Figure 3 -- Authors by Country
Figure 3
Internationality

     International collaboration can be difficult to define and measure.  Individual contributions can range from valuable to negligible, and can even change during the course of a project. (Bordons & Gomez, 2000)  For the purposes of this paper, the data will reflect only that an individual was listed as an author.

Total Documents
Single Author
Multiple Author / Single Institution
Multiple Author / Multiple Institution
Multiple Author / Multiple Country
602
249
140
213
75
Table 5
Collaboration

GIS appears to be a reasonably collaborative field across institutions as indicated by this limited data.  Over 35% of the total documents and 60% of the multiple author documents indicated more than one institutional affiliation as reported by the author's address field from ISI's WOS.  12.5% of the total papers and 21.2% of the multiple author documents in C&G have authors from more than one country.  This is much higher than the 7% reported for the journal Scientometrics (Schubert, 2002), and may reflect either the international intentions of C&G or a greater internationality of GIS, or some combination.

Summary of Computers & Geosciences Citation Analysis

    Based upon the increasing frequency of publication since 1975 which was accompanied by an increasing amount of articles, the volume of productivity has increased in the years since the inception Computers & Geosciences.  The primary document type published in C&G in the five years examined (1998-2002) was the scholarly article--other types of documents make up only a small fraction of the total.  Significant articles and authors are published in C&G as determined by the number of references to these papers in other documents (5 year maximum, 84).  Subjects of these documents vary over the broad continuum of Geoscience but tend to have aspects related to computers, software and technology.

    Both the Impact Factor and the Immediacy Index have remained relatively constant over the 5 year period with the exception of the Impact Factor in 1999.  It is not clear  what caused this anomaly, but it could be a statistical aberration because of the number of documents in the sample.
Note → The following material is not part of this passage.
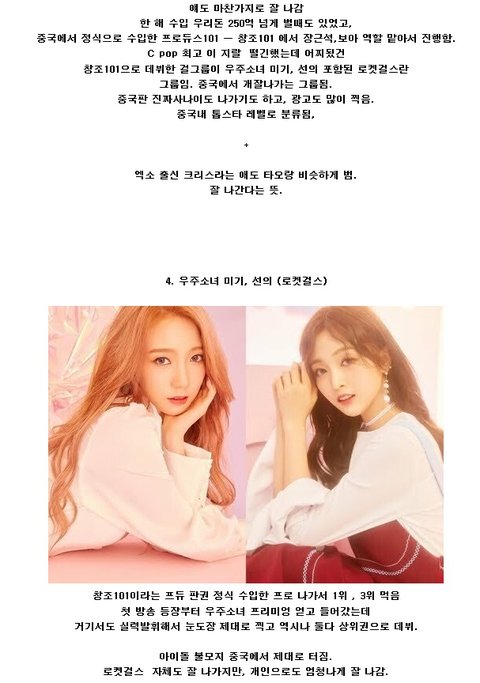 미기 본인 솔로앨범 20분만에 판매량 100만장 돌파함. 광고 측면으로도 이미 톱스타 레벨이 확인되는데한국에서 아이돌들이 찍을수 있는 최고 레벨이 치킨광고, 음료수광고 정도라면 미기는 벤츠광고, 샤넬광고, 핸드폰 광고 등을 섭렵했다. 이 정도면 굳이 수입얘기 안해도 짐작가능하겠지?선의는 미기 정도는 아니지만 광고 많이 찍는중(로레알 등) 우주소녀가 한국에서 빌빌대는것과는 다르게 굉장히 잘 나가는 중.따라서 한국 복귀가능성 굉장히 희박하다. + 성소는 중국에서 나쁘진 않지만 톱스타 급은 아니다.예능 위주로 출연하고 있으며, 음반을 내는 것도 아님.광고는 몇개 찍음. 웹드라마 같은 곳에 출연해서 배우로 활동함.한국에 한다리 걸쳐놓은 상태라 우주소녀 복귀가능성 있음.

Another probable factor was the 10% drop in article publication in 1999.  Compared to other Geoscience journals in ISI-JCR for the year 2002, C&G was on the low end in impact (91 out of 122) and in the middle of the pack in immediacy (69 out of 122).

    Authors of papers in C&G tended to be more collaborative than authors of articles in the social sciences or mathematics.  Fewer papers (as a percentage) were single author in C&G than the Journal Scientometrics, and twice the percentage were from more than three authors.  C&G is a strongly international journal, from 1998-2002 papers were published from over 50 nations.  In 35% of the papers where the authors were from different institutions, they were also from different countries.

Bibliometric Profile:  Karl Stattegger

Introduction

   
Number two on the most cited author list of C&G provided above is Karl Stattegger.  His co-authored paper, Spectrum: spectral analysis of unevenly spaced paleoclimatic time series, in C&G had been cited 77 times when the original study was performed.  (In the past several months, it has received an additional 2 citations, bringing the total to 79.)  As a current and frequently cited author in the field of GIS, he was selected to be the subject of this bibliometric profile.  The bibliometric profile will consist of the development and analysis of his citation identity (authors he cited),  citation set (authors who cited him), and citation image (co-cited authors).

Methodology

    The methodology for developing Stattegger's bibliometric profile closely parallels the example provided by Howard D. White. (White, 2001b)  To gather the raw data, a connection was opened through telnet to the Dialog database at dialog.com.  A list of articles where Stattegger was listed one of the authors was retrieved with the following command: SELECT AU=STATTEGGER K.  This list was sorted with the Dialog RANK command, downloaded, and filtered with the Unix tools of sed and awk to become the data for Stattegger's citation identity.  His citation set and citation image were generated in much the same way with the exception that the data was selected with the following command:  SELECT CA= STATTEGGER K. 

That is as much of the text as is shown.